Taylor Baker is a writer and podcaster at Drink in the Movies, Seattle Film Critics Society member, and Rotten Tomatoes-approved critic. You can follow Taylor on Twitter.
Fantasia
This 1940 classic cartoon helped set a standard for the animation genre and how it can be paired with sound. With a dozen directors in total and compositions from Schubert, Bach, Tchaikovsky, Beethoven, and more Fantasia demonstrated itself as a uniquely approachable opera that served both as a proof of concept of what the animated genre could do with sound, and reaffirmed (as the third Disney cartoon feature film) that animated feature-length films could in fact be money makers for Disney.
Apocalypse Now
The quintessential stranger in a strange land narrative, permeated with anti-war sentiment, mythos, geopolitics; and incidentally the godfather of 5.1 Surround Sound. With career-defining work from Marlon Brando, Martin Sheen, and cinematographer Vittorio Storaro, that Apocalypse Now’s many facets congeal is a rare example of a film achieving eminence despite being mired in production difficulty.
Vertigo
Hitchcock’s ultimate paranoid detective story and most plain ghost story. San Francisco appears to take on the haunted look of post-war Europe, and the film itself seems to be a peek into the mind of Hitch himself. Bernard Herrmann’s chilling and imposing score, and the “vertigo” effect created by Hitchcock cement Vertigo as one of cinema history’s most significant pictures and timeless narratives.
Citizen Kane
Orson Welles’ Citizen Kane stands as an example to all burgeoning filmmakers of how powerful a directorial debut can be, and to many established filmmakers how hard it is to achieve grandeur. Welles’ use of deep focus, personal myth, and search for pathos in a loveless titan sit at the center of what is as close to unanimous cinematic genius as you can get. Steeped in characters based on reality, the screenwriter’s criticism of Kane (William Randolph Hearst) is what provides the narrative with the same ageless qualities that Gregg Toland’s black and white cinematography has.
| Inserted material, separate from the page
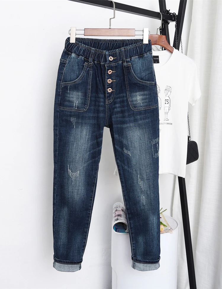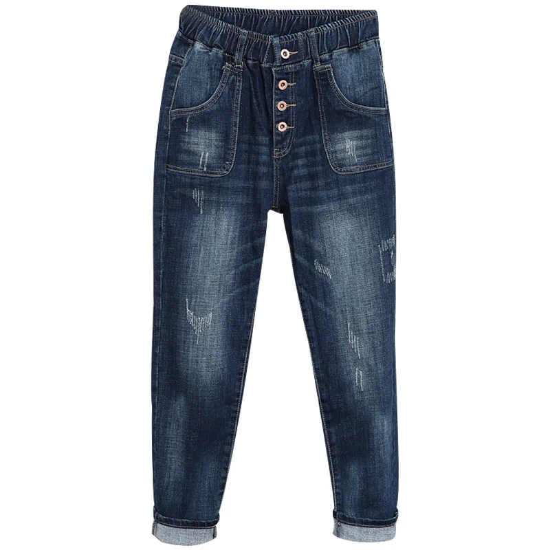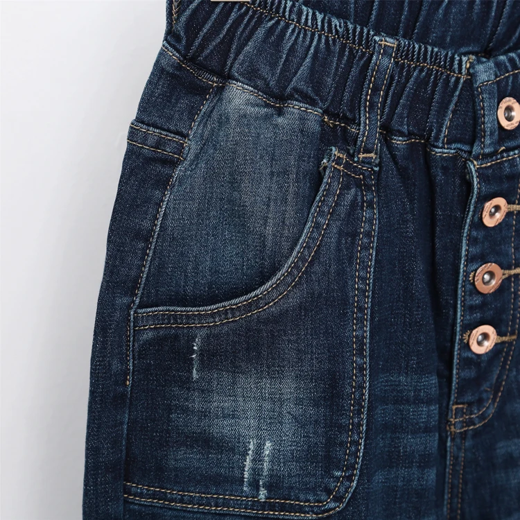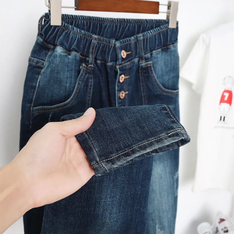 Женские джинсы до щиколотки, мешковатые штаны-шаровары с эластичной талией в винтажном стиле, повседневные джинсы из денима весом 1711 кг, лето 100
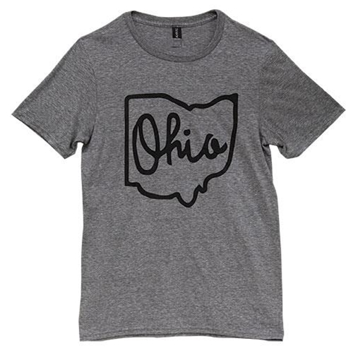 Ohio T-Shirt, Heather Graphite, Small, is a gray, cotton-blend t-shirt that reads, “Ohio,” surrounded by an outline of the state. Super soft and stylish this piece is the perfect way to show off some hometown pride. Size small.

Scenes from a Marriage (Series (1973))
Ingmar Bergman’s Scenes from a Marriage is a six-part piece that examines the banal simplicities of human behavior, intimacy, and longing. Few love stories have ever had the blistering honesty and unflinching matter-of-factness as Bergman’s Scenes from a Marriage.
The New World
Poetic and yearning Terrence Malick’s The New World is at once an impressionist painting that moves, a tale of the founding of America, a story of untimely love, and a depiction of the harshness of life. Transcendental cinema has rarely been as approachable as this.
Princess Mononoke
Hayao Miyazaki’s 1997 animated film Princess Mononoke straddles many storytelling devices and conventions expertly. Both a fable and a depiction of the hero’s journey, the film details an engrossing journey through the sins of humanity and the blessings of nature. With descendants from both sides as central characters, there’s almost no barrier to entry and plenty to chew on for all ages.
The Matrix
The Matrix encapsulates many of the fears pervading Western culture at the turn of the century, those fears and the Science Fiction ideas they’re rooted in have rarely been more digestible, entertaining, or engaging. As the originator of “bullet time”, and a cultural zeitgeist of unique proportions The Matrix belongs in the upper echelons of film history no matter how you parse it.
12 Angry Men (1957)
Sidney Lumet’s 12 Angry Men proves that formally rigorous simplicity, engaging dialogue, and a solitary interior is more than enough to command an audience’s attention when there’s an invigorating moral play at the center of events. A film that still feels as ripe with relevance as it did in the 50s, what is America, who are Americans, and what are our rights?
L’avventura
Antonioni’s listless romance on the skirts of volcanoes conveys something subliminally profound about desire and guilt without ever needing to answer the mystery at the center of the film.